В дверь осторожно постучали. Даже деликатно, что редко встречалось в нашей общаге. Я подумала, что это комендант решил проверить меня. Слава богу, мы покурили за полчаса до этого. А одна я курить не любила, так что в комнате было довольно свежо. Не боясь нарваться на "люли", я смело распахнула дверь. И обомлела. В полутемном коридоре стоял Елисеев собственной персоной. Он какое-то время, прищурившись, смотрел мне в глаза, потом вздохнул и сделал шаг в мою комнату. Я даже возмутиться не могла от его наглости, так была удивлена. Лишь через несколько секунд я обрела дар речи.
- Я уже сказала Соколову, что конспекта у меня нет.
Я старалась, чтобы мой тон был как можно строже. Но что-то реально мешало говорить. То ли небрежно раскинутые по плечам волосы Елисеева меня так отвлекали. То ли его сосредоточенный взгляд. Я не знаю. Но факт остается фактом - я не могла, нет, не хотела его выгонять, ожидая от него слов или действий. Это как объявление о капитуляции или ненападении, когда два заклятых врага встречаются в неформальной обстановке. Вот только сейчас было все как-то немного напряженно. Раньше я бы выгнала его, но не сейчас... Сама не знаю, почему я его не выставила прочь. Наверное, чувствовала, что что-то произойдет.
Елисеев осмотрел мою комнату и ухмыльнулся.
- У тебя пахнет вином и чем-то... грузинским.
- Чахохбили, - машинально ответила я.
- Умеешь готовить? - Он не смотрел на меня, продолжая обшаривать глазами стены с полками полными книг.
- В нашей семье все умеют готовить. Чего ты хочешь?
Он поднял глаза. А я чуть не ахнула. Наверное, это вино так действовало - мне почему-то стало невыносимо жарко. И это в шелковой... Черт! Я же напрочь раздета!
Я схватила с дивана шаль и накинула ее на плечи, пытаясь спрятаться от внимательного взгляда Елисеева.
- Ты единственная, кто прячется от меня, - хмыкнул он.
- А ты привык, что все перед тобой только раздеваются? - вскинув голову, заявила я.
- К хорошему быстро привыкаешь, Макеева.
Как-то странно он произнес мою фамилию - не выплюнул, как обычно, а просто назвал, как все.
- Елисеев, - я смягчила тон, - мне надо ложиться спать. Пусть завтра воскресенье, но я не привыкла не высыпаться, понимаешь? И вообще, что ты делаешь в общаге?
- Слишком много вопросов... - неопределенно ответил он.
- Прекрасно! - Раздражение взяло верх. Я рванула на себя дверь: - Выметайся, блин! Конспект тебе Соколов передаст. Все, пока!
- Значит, дашь?
Я глубоко вздохнула и кивнула, мол, дам, только отвяжись Христа ради.

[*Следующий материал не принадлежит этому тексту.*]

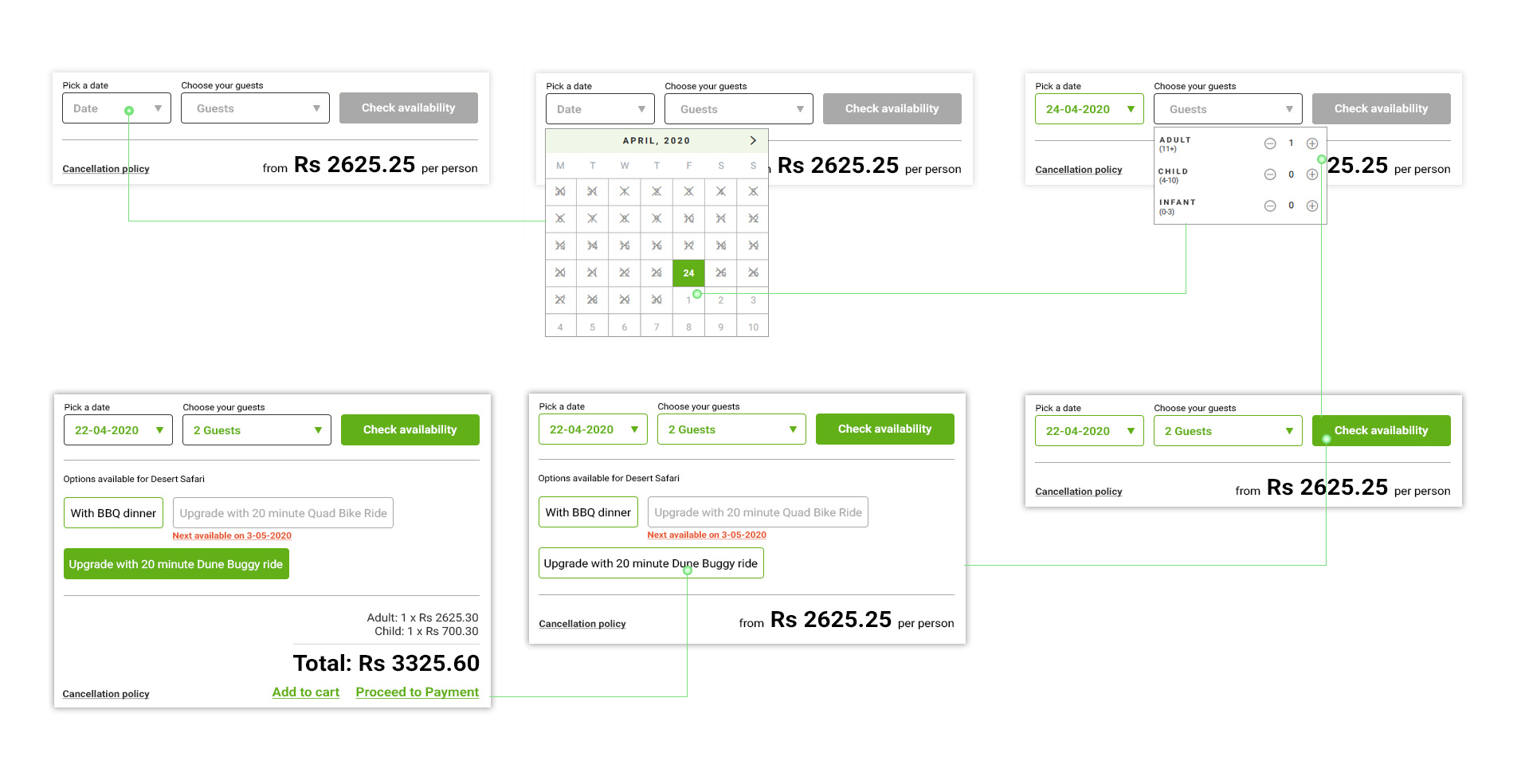 - Reduce the booking flow by allowing booking from any point on the website and minimizing information on the options window.

Он было вышел уже, но вдруг резко обернулся:
- Слышь, Макеева, а у тебя курить можно?
Я опешила - ну и наглость!
- Елисеев, - я попыталась унять раздражение, - тебе домой пора. По дороге и покуришь!

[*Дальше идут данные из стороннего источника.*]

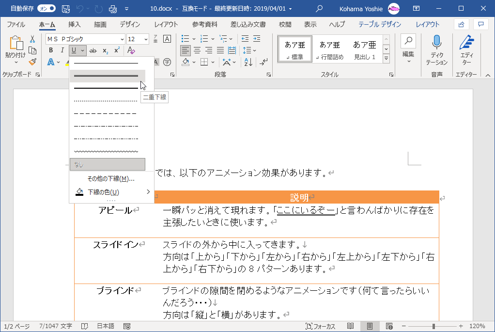 選択した文字への下線スタイルの適用に線の種類を選択するには
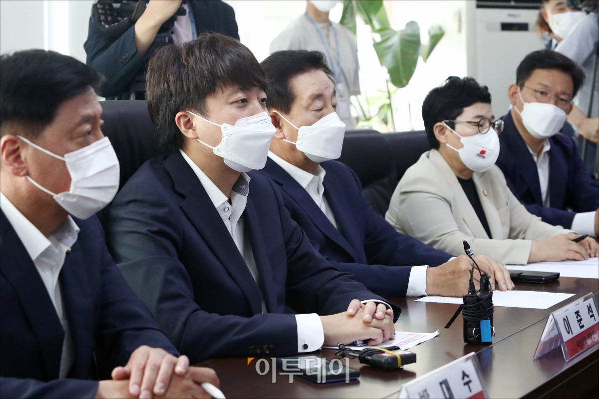 이준석 국민의힘 대표가 17일 오전 서울 여의도 한국노동조합총연맹(한국노총)을 방문해 가진 간담회에서 인사말을 하고 있다.
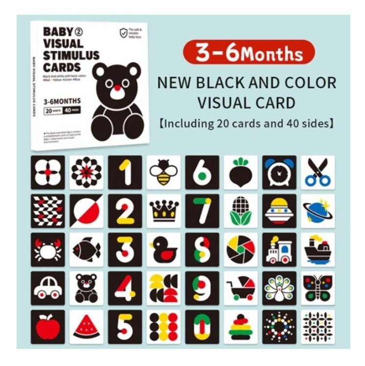 Aceste carduri sunt potrivite pentru bebelusii de la 3 la 6 luni, contine 20 carduri colorate ( ALB, NEGRU SI ROSU), folosite pentru antrenamentul de stimulare vizuala si dezvoltarea abilitatilor cognitive.

- Я не иду домой, - спокойно сказал он. Но в глазах мелькнуло что-то необычное.
- Ну, так у Соколова покури! - вскликнула я и попыталась закрыть дверь.
Елисеев резко выкинул перед собой руку и придержал дверь. Его лицо оказалось совсем рядом с моим - дыхание обожгло кожу, а глаза сверкнули дьявольским огоньком. Я поежилась, но не от страха, а от чего-то нереально... горячего. Я еле сдержалась, чтобы не прикоснутся к нему губами. Мне оставалось только схватить его за ворот рубашки и втянуть обратно в комнату.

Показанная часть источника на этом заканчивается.